◆ Task item: Start to finish, print the entries exactly, and carry none of the pictures over.

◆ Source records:
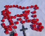 Crimson Joy ? 8mm Crackle Red Glass Rosary with Silver Crucifix
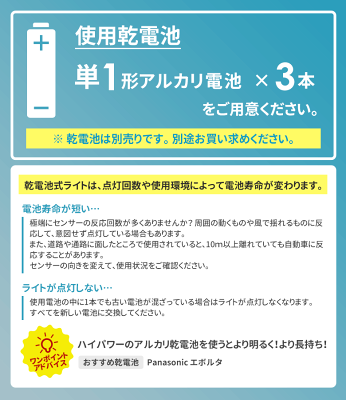 ≪ 商品詳細 ≫ < 仕様 > 【サイズ】高さ80×幅175×奥行175mm 【重量】350g(乾電池、リモコン除く) 【付属品】リモコン・ボタン電離CR2025・ステンレスバンド(1m)・取り付けネジ×2・コンクリート用プラグ×2 【電球 ※1】 8.5W(高輝度白色LED 設計寿命4万時間) 全光束480ルーメン(強) 【使用乾電池】単1形アルカリ乾電池×3本(別売) ※市販の単1形充電池でも使用可能です。
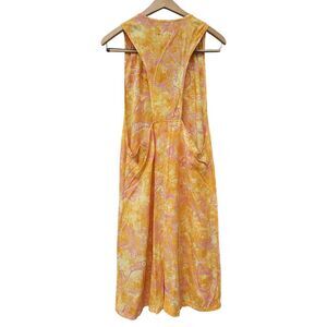 The VTG April Cornell Orange Pink Fish Midi Dress is a stylish and whimsical piece perfect for casual occasions during the summer season. Made from rayon fabric, this sleeveless dress features a round neck and a pullover closure for easy wear. The dress showcases a fun fish pattern in shades of orange and pink, adding a playful touch to the artsy and Bohemian theme of the design. With its knee length and retro 90s style, this dress from the April Cornell brand is sure to make a statement while showcasing your unique sense of art to wear.
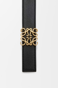 Reversible belt in supple grained calfskin. - Anagram pin buckle - 2.8cm wide - Five holes regulation Colour: Black/Gold Metallic colour: Gold Main material: Supple Grained Calf Weight: 0.087 kg Depth: 2.8 cm Made in: Spain
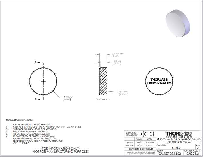 Thorlabs索雷博 CM127-025-E02 Ø1/2英寸介质膜凹面反射镜
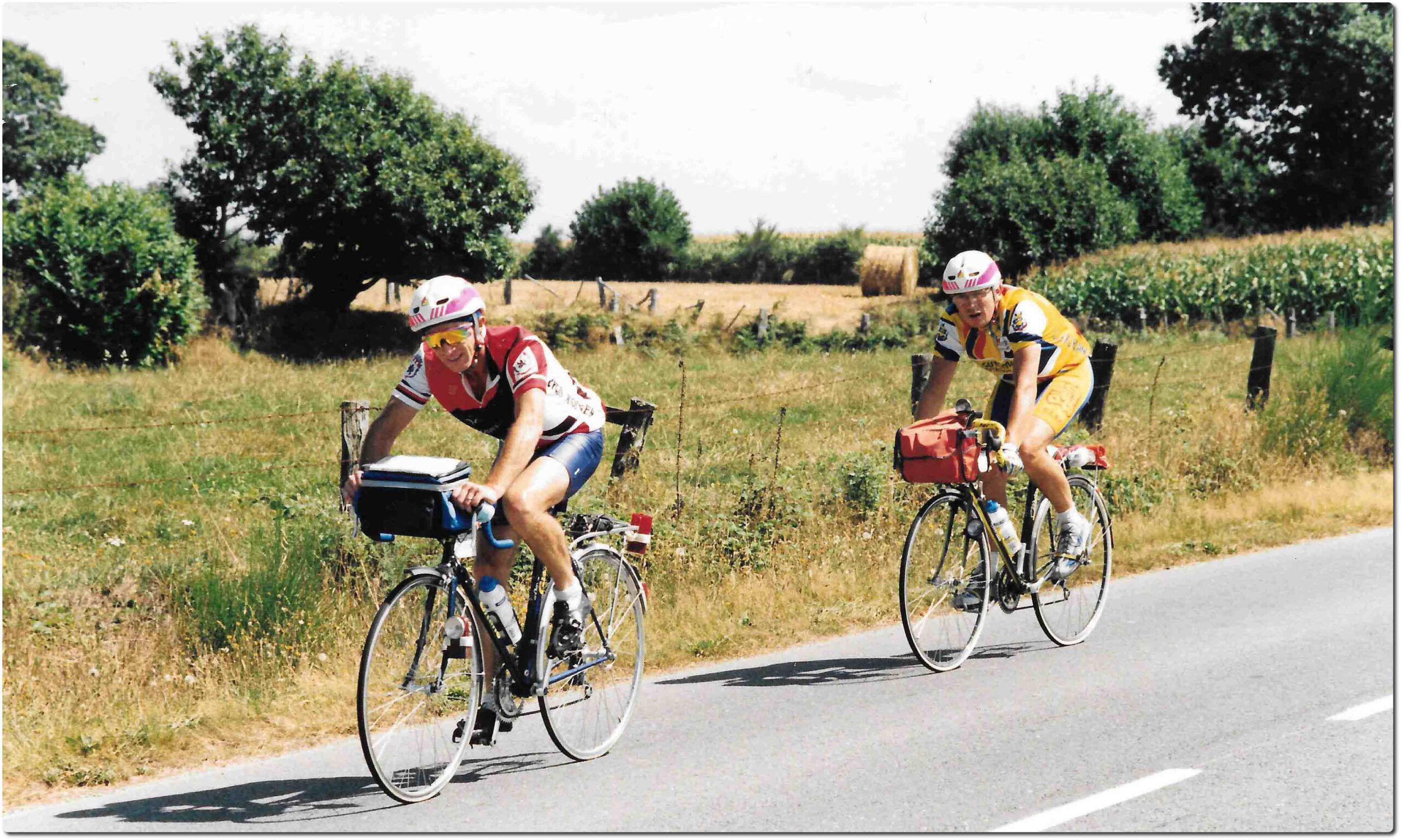 Para su segunda participación, la de 1991, Guisasola se preparó a conciencia. Nunca dejó de trabajar en su consulta médica, así que aprovechaba las tardes de los miércoles para rodar trescientos kilómetros hasta la madrugada y los fines de semana para completar tiradas de quinientos. Cuatro días antes de la París-Brest-París quiso salir a una terraza soleada de Artajona (Navarra), no vio la cristalera transparente, la atravesó y le estalló en todo el cuerpo. Lo llevaron envuelto en toallas al hospital, donde le sacaron mil fragmentos de cristales y le cosieron las piernas, los brazos, la lengua. -Buf, llevaba cuatro años preparando la prueba y unos días antes me pasó eso… No me quería rendir. Tenía que intentarlo como fuera. Al día siguiente me fui en bici de Artajona a San Sebastián, todo cosido y lleno de vendajes. Pensé que si hacía esos 150 kilómetros, podría hacer algunos más. Y los hizo. Completó la París-Brest-París, en los últimos tramos flojeó por las molestias y el cansancio acumulado, no pudo seguir al grupo en el que pedaleaba, pero aun así mejoró su marca: 48 horas y 38 minutos. -Terminé cansado pero con buena sensación. A pesar de los puntos de sutura, fui bastante cómodo. La ropa contribuía mucho: al acabar yo no tenía esa necesidad de quitarme cuanto antes el culote porque ya no lo soportaba, no tuve rozaduras ni heridas ni nada. A todo el mundo se le quedan algunas zonas dormidas, eso sí, el perineo por la presión del sillín tantas horas, las muñecas por la presión del manillar, eso no tiene remedio. Por lo demás, ese año la ropa fue muy importante para no tener molestias.
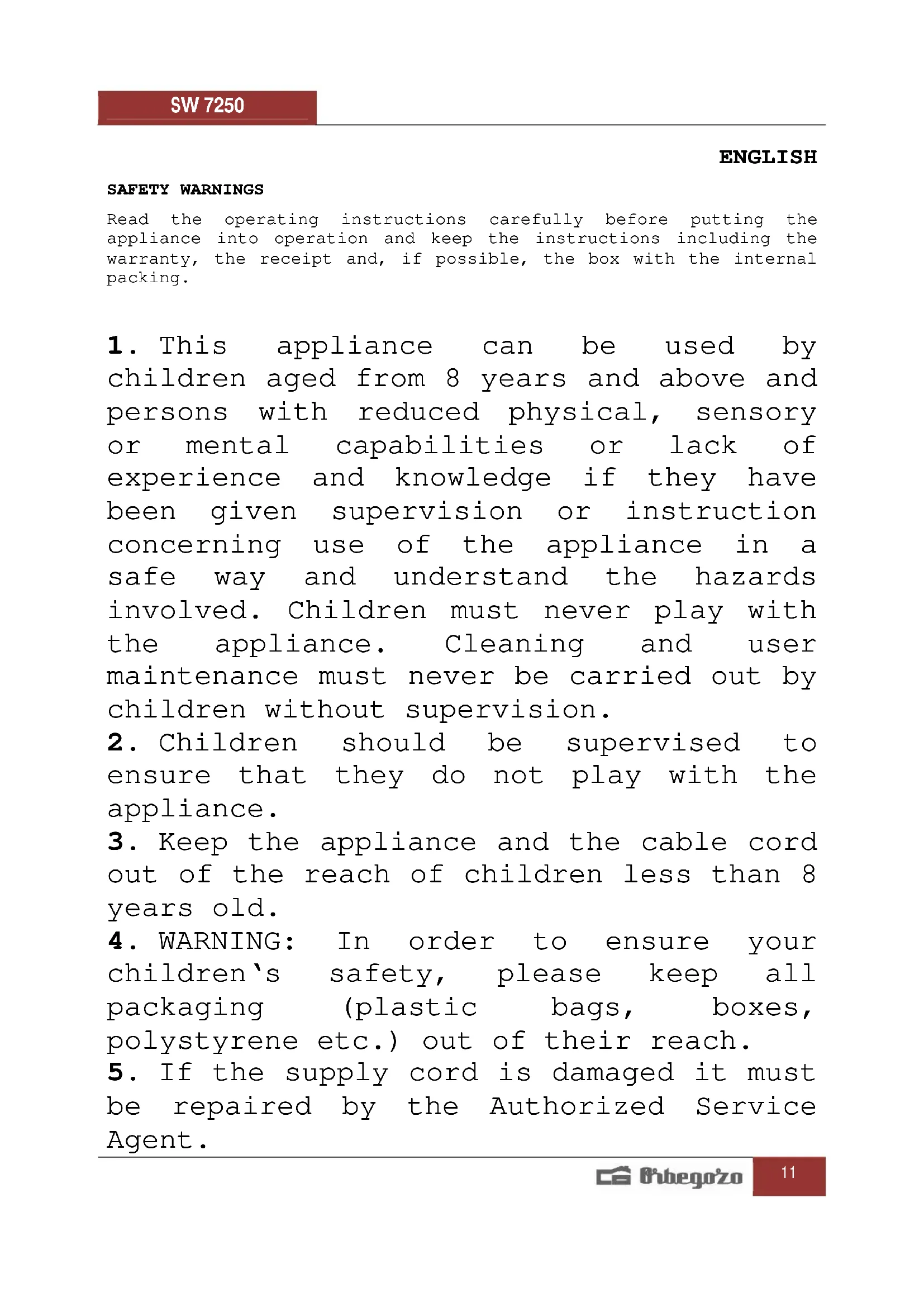 Find the device manual for free SW 7250 Orbegozo in PDF.
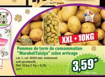 Offre Pommes de terre de consommation Marabel/Taisiya selon arrivage chez Norma

◆ Task solution:
 Crimson Joy ? 8mm Crackle Red Glass Rosary with Silver Crucifix
 ≪ 商品詳細 ≫ < 仕様 > 【サイズ】高さ80×幅175×奥行175mm 【重量】350g(乾電池、リモコン除く) 【付属品】リモコン・ボタン電離CR2025・ステンレスバンド(1m)・取り付けネジ×2・コンクリート用プラグ×2 【電球 ※1】 8.5W(高輝度白色LED 設計寿命4万時間) 全光束480ルーメン(強) 【使用乾電池】単1形アルカリ乾電池×3本(別売) ※市販の単1形充電池でも使用可能です。
 The VTG April Cornell Orange Pink Fish Midi Dress is a stylish and whimsical piece perfect for casual occasions during the summer season. Made from rayon fabric, this sleeveless dress features a round neck and a pullover closure for easy wear. The dress showcases a fun fish pattern in shades of orange and pink, adding a playful touch to the artsy and Bohemian theme of the design. With its knee length and retro 90s style, this dress from the April Cornell brand is sure to make a statement while showcasing your unique sense of art to wear.
 Reversible belt in supple grained calfskin. - Anagram pin buckle - 2.8cm wide - Five holes regulation Colour: Black/Gold Metallic colour: Gold Main material: Supple Grained Calf Weight: 0.087 kg Depth: 2.8 cm Made in: Spain
 Thorlabs索雷博 CM127-025-E02 Ø1/2英寸介质膜凹面反射镜
 Para su segunda participación, la de 1991, Guisasola se preparó a conciencia. Nunca dejó de trabajar en su consulta médica, así que aprovechaba las tardes de los miércoles para rodar trescientos kilómetros hasta la madrugada y los fines de semana para completar tiradas de quinientos. Cuatro días antes de la París-Brest-París quiso salir a una terraza soleada de Artajona (Navarra), no vio la cristalera transparente, la atravesó y le estalló en todo el cuerpo. Lo llevaron envuelto en toallas al hospital, donde le sacaron mil fragmentos de cristales y le cosieron las piernas, los brazos, la lengua. -Buf, llevaba cuatro años preparando la prueba y unos días antes me pasó eso… No me quería rendir. Tenía que intentarlo como fuera. Al día siguiente me fui en bici de Artajona a San Sebastián, todo cosido y lleno de vendajes. Pensé que si hacía esos 150 kilómetros, podría hacer algunos más. Y los hizo. Completó la París-Brest-París, en los últimos tramos flojeó por las molestias y el cansancio acumulado, no pudo seguir al grupo en el que pedaleaba, pero aun así mejoró su marca: 48 horas y 38 minutos. -Terminé cansado pero con buena sensación. A pesar de los puntos de sutura, fui bastante cómodo. La ropa contribuía mucho: al acabar yo no tenía esa necesidad de quitarme cuanto antes el culote porque ya no lo soportaba, no tuve rozaduras ni heridas ni nada. A todo el mundo se le quedan algunas zonas dormidas, eso sí, el perineo por la presión del sillín tantas horas, las muñecas por la presión del manillar, eso no tiene remedio. Por lo demás, ese año la ropa fue muy importante para no tener molestias.
 Find the device manual for free SW 7250 Orbegozo in PDF.
 Offre Pommes de terre de consommation Marabel/Taisiya selon arrivage chez Norma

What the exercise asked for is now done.